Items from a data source
____

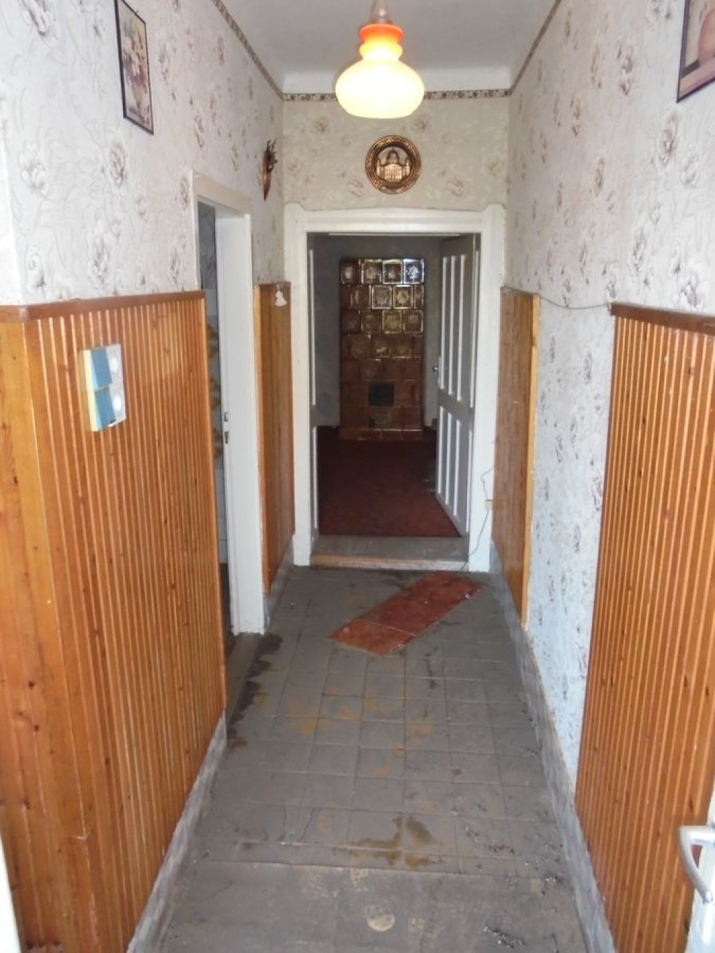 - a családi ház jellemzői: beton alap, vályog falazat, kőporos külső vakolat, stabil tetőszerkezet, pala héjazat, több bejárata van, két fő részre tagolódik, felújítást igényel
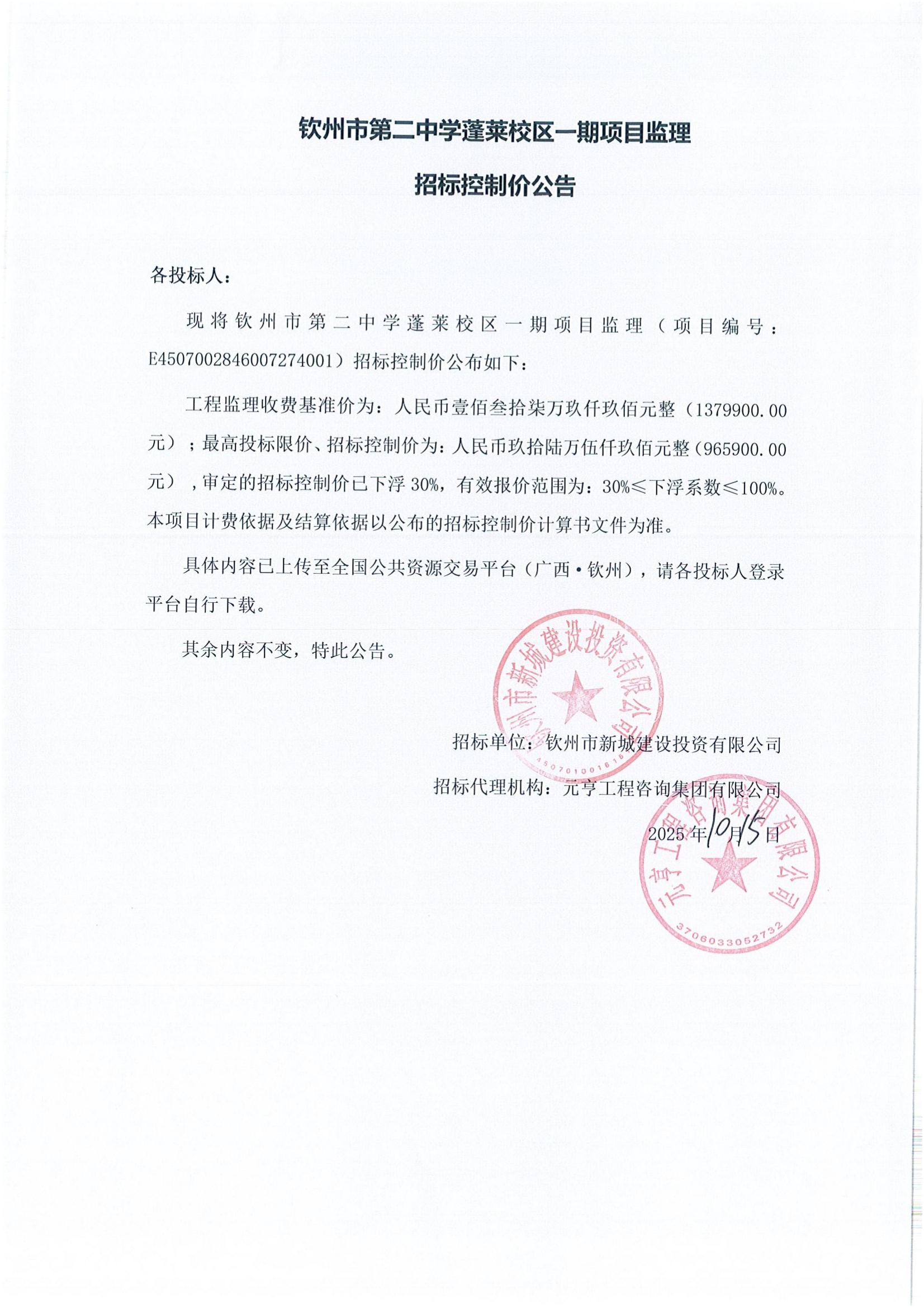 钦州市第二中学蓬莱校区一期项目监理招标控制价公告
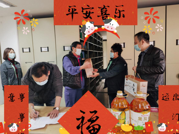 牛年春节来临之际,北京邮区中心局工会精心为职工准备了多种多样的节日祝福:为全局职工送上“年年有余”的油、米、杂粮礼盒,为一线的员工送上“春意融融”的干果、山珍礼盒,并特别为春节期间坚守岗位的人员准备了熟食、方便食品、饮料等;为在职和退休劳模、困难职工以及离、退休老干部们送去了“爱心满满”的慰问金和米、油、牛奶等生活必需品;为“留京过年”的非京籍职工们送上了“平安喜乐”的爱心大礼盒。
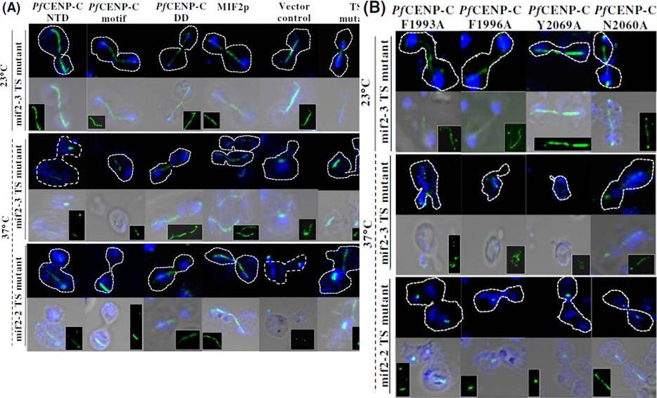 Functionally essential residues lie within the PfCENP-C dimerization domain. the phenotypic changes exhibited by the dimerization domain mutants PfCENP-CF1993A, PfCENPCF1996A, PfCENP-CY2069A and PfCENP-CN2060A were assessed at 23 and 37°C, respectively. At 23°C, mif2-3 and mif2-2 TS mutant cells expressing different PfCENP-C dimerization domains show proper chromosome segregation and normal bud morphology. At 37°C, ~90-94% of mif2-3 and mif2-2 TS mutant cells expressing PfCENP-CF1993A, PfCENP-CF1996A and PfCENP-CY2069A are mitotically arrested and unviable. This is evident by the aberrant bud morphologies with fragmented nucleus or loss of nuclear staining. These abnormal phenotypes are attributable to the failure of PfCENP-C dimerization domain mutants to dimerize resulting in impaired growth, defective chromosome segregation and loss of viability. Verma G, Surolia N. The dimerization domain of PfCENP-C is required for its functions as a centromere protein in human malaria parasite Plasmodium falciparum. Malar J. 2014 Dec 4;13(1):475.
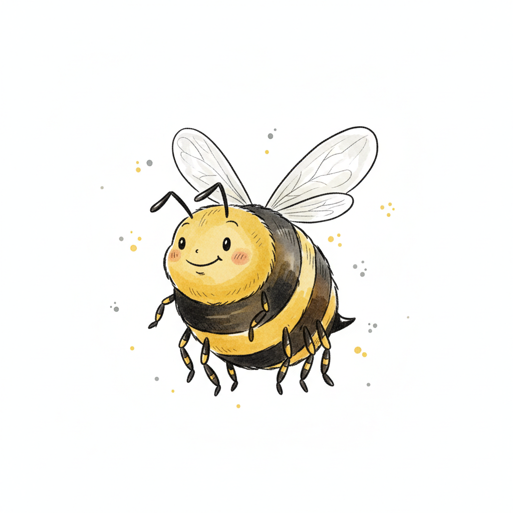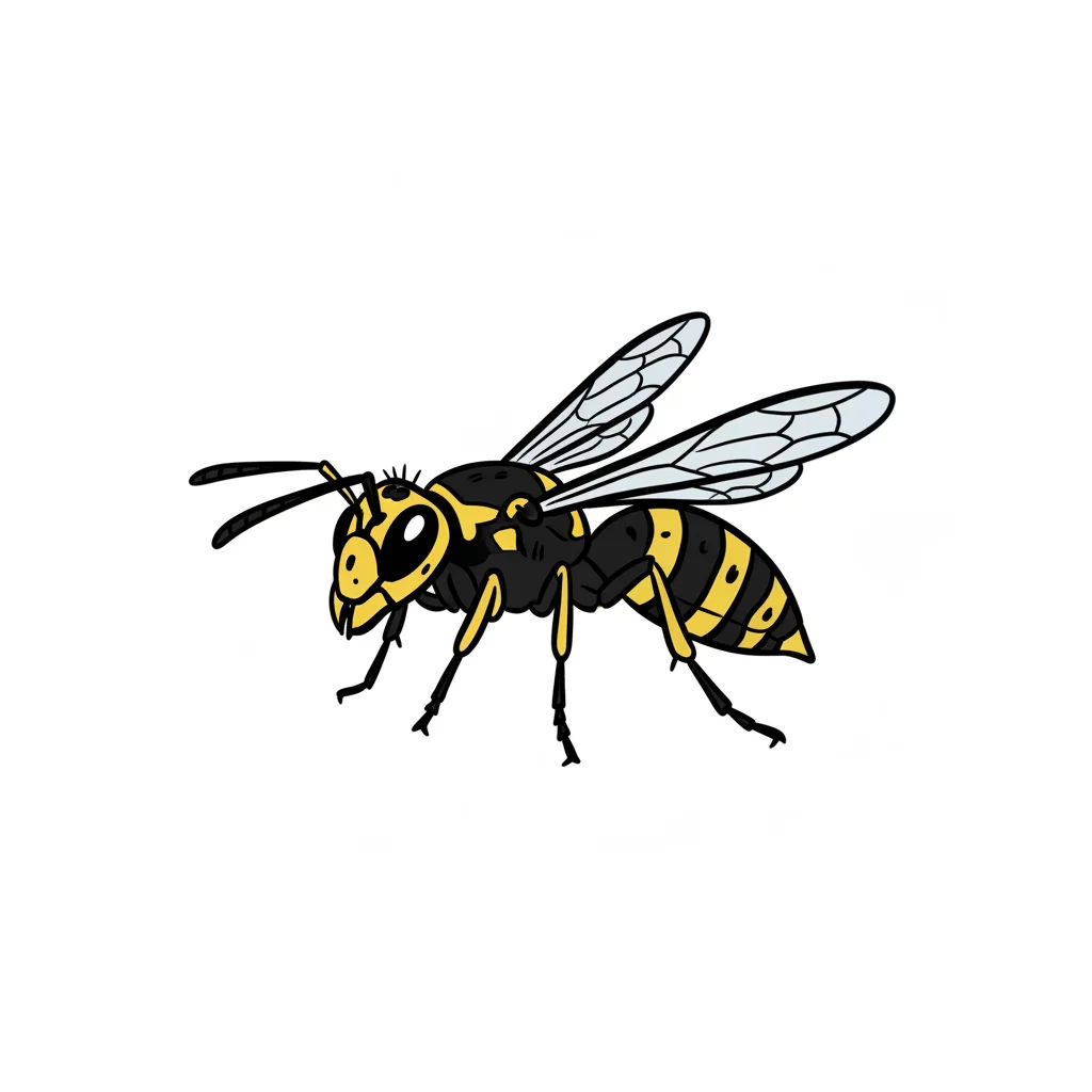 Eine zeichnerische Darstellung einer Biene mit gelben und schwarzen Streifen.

____

Work task
Please print the lines above word for word, starting at the one with "钦州市第二中学蓬莱校区一期项目监理招标控制价公告" and ending at the one with "牛年春节来临之际,北京邮区中", both included, and without any picture.

Your solution
 钦州市第二中学蓬莱校区一期项目监理招标控制价公告
 牛年春节来临之际,北京邮区中心局工会精心为职工准备了多种多样的节日祝福:为全局职工送上“年年有余”的油、米、杂粮礼盒,为一线的员工送上“春意融融”的干果、山珍礼盒,并特别为春节期间坚守岗位的人员准备了熟食、方便食品、饮料等;为在职和退休劳模、困难职工以及离、退休老干部们送去了“爱心满满”的慰问金和米、油、牛奶等生活必需品;为“留京过年”的非京籍职工们送上了“平安喜乐”的爱心大礼盒。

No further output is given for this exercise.